The Apixio Blog
An ICD-10 Guide to Game of Thrones
The sixth season of HBO’s Game of Thrones doesn’t start until April 2016. But rejoice, GoT fans: winter is coming in the form of ICD-10 codes.
Tomorrow, U.S. health providers must start using a massive new set of International Classification of Diseases (ICD) codes called ICD-10. These alphanumeric designations are given to every diagnosis and cause of death in humans, and they’re in every hospital and physician office billing statement and medical record.
Not everyone is thrilled with the new system. The American Medical Association calls it an unfunded mandate and had succeeded in delaying implementation. Proponents note that the old system hasn’t been updated in 36 years and is obsolete.
We’ve found that data mining through cognitive computing can unlock the treasure of information contained in these codes and be a secret weapon, like wildfire at the Battle of Blackwater.
In any case, by the old gods and the new, change is inevitable.

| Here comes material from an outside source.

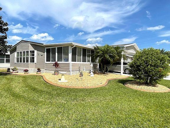Don't miss this one. This is a huge 2 bedroom 2 bath w/ a large den that could be a third bedroom. It has an oversized double carport with a golf cart garage/work shop/storage. This home is fully equipped with tons of updates and upgrades including plantation shutters. You are greeted with tile floors throughout the living area. The living room is enormous and attached to an open kitchen with island/bar. The kitchen is equipped with new stainless steel appliances, including dishwasher. There is plenty of seating at the bar or dining area. Attached is also an airconditioned FL room. Down the hall the den has laminate flooring with a built in desk and shelving. There is also a laundry room with washer and dryer. The second bedroom is oversized with carpet and full width closet that has double doors. Then, the second bath with a shower tub. The master suite is gigantic! It also is carpeted and has a very large walk in closet. The ensuite bath is very spacious with double sinks, sitting area, linen space, and separate updated walk in shower. All of this is located on a corner lot with impeccable landscaping, curbscape, and irrigation. This enormous beauty will not last long.
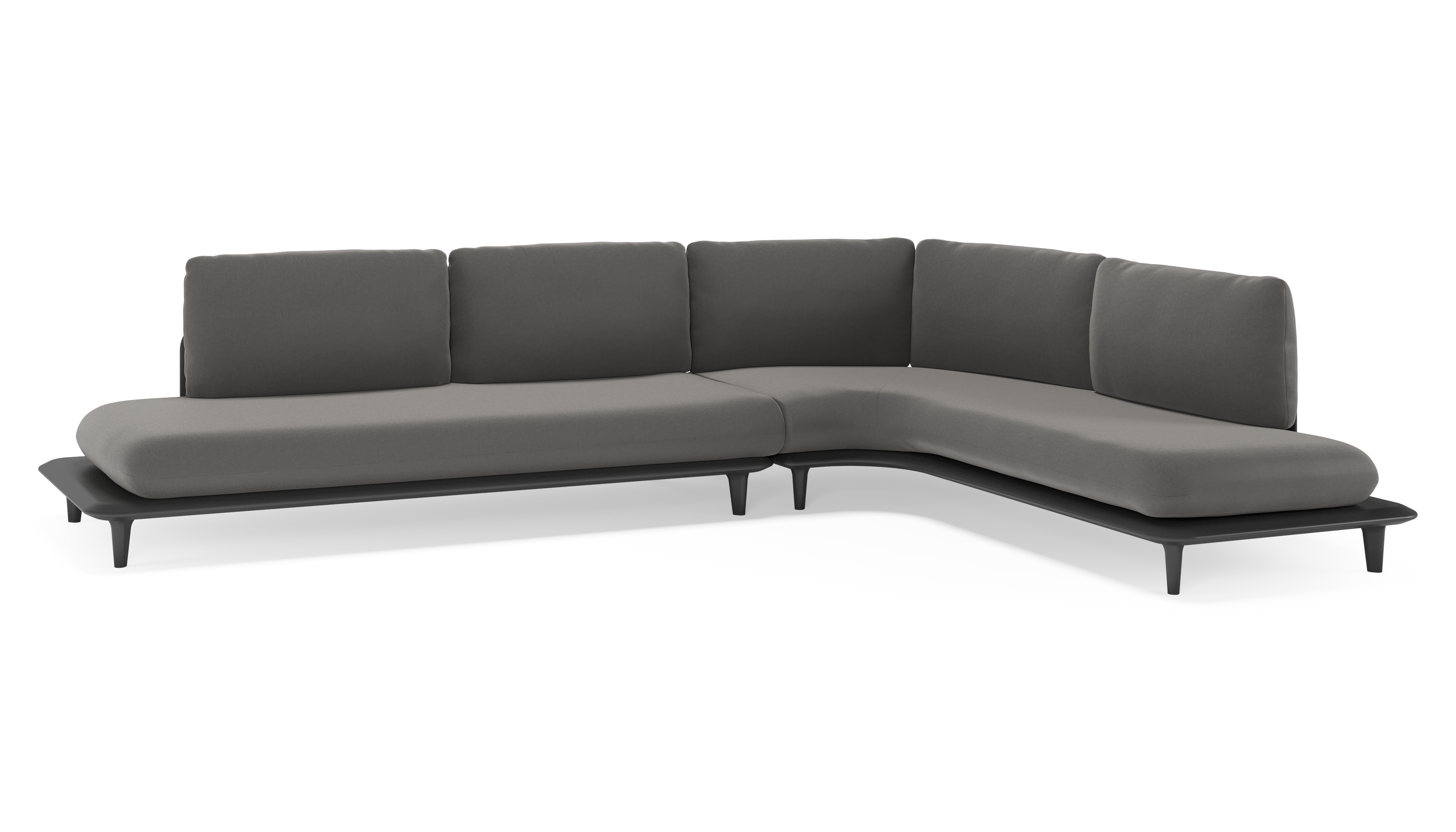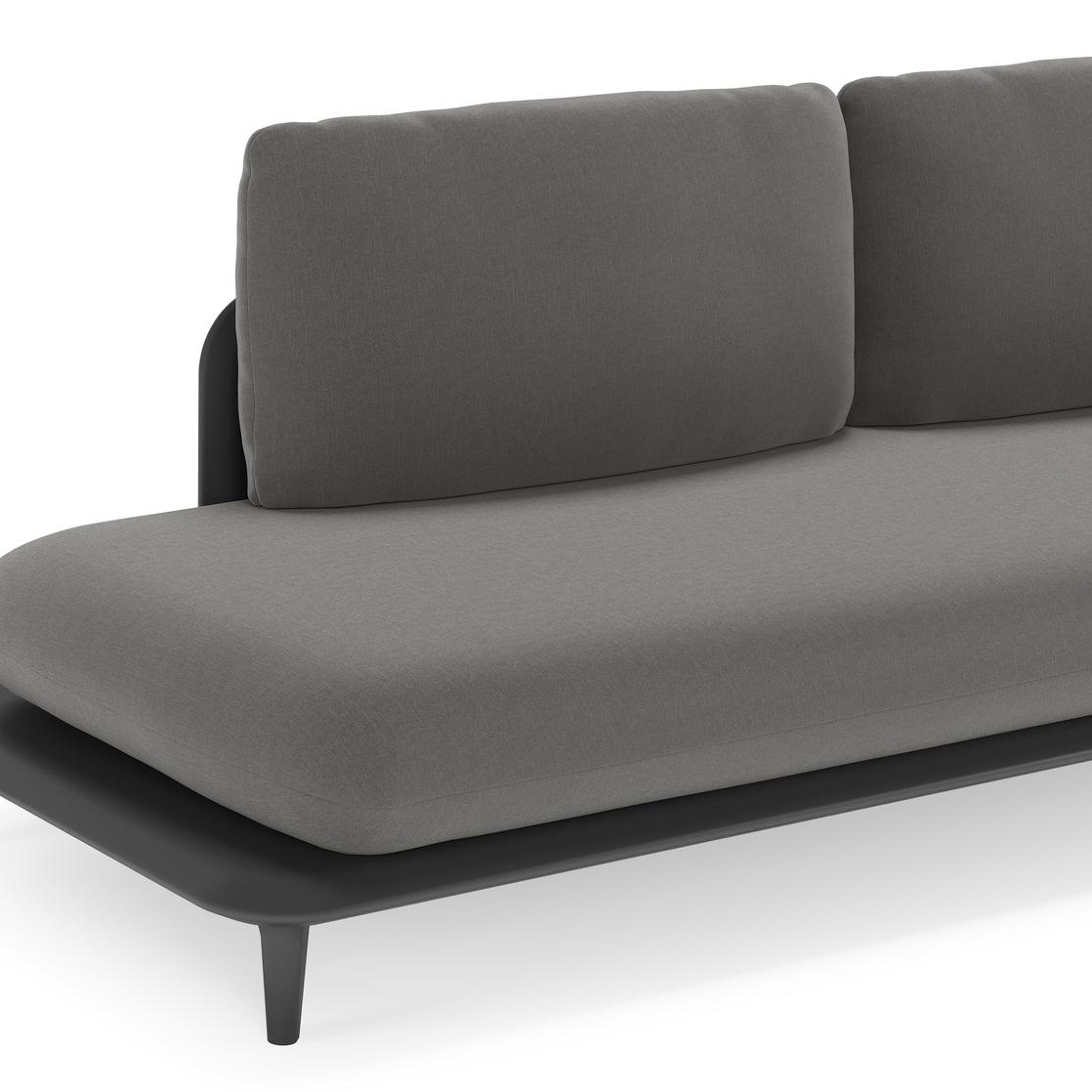 Salon de jardin d'angle Bomero en aluminium noir et coussins en all weather sunbrella® luxe natte charcoal chine | Exterioo mobilier de jardin

As we wait to see if Jon Snow is really dead (say it ain’t so!), let’s familiarize ourselves with the new ICD-10 system with a look at memorable Game of Thrones injuries.
Season 1, Episode 1
Young Bran Stark clambers up a tower in his home at Winterfell and spies Queen Cersei and her brother Jaime Lannister in an intimate situation. Ewww. Jaime shoves Bran from the window, paralyzing, but not killing, the lad.
W13.8XXA: Fall from, out of or through other building or structure, initial encounter
S24.104A: Unspecified injury at T11-T12 level of thoracic spinal cord, initial encounter
Season 1, Episode 6
Dothraki lord Khal Drogo tires of the annoying, insulting, insolent Viserys Targaryen after he threatens to cut out Drogo’s unborn child from the womb of Daenerys. Drogo gives Viserys what he desires – a crown of (molten) gold.
T20.35XA: Burn of third degree of scalp [any part], initial encounter
Season 1, Episode 7
Wine-loving King Robert Baratheon gets gored by a boar and dies of his wounds. Proof that drinking and hunting don’t mix.c
W55.42XA: Struck by pig, initial encounter
Season 2, Episode 6
Ser Rodrik Cassel loses his head when Theon Greyjoy decapitates him in an effort to save face in front of his Ironborn soldiers. Unfortunately for Cassel, Theon is a bit of a klutz and it took several whacks to finish the job.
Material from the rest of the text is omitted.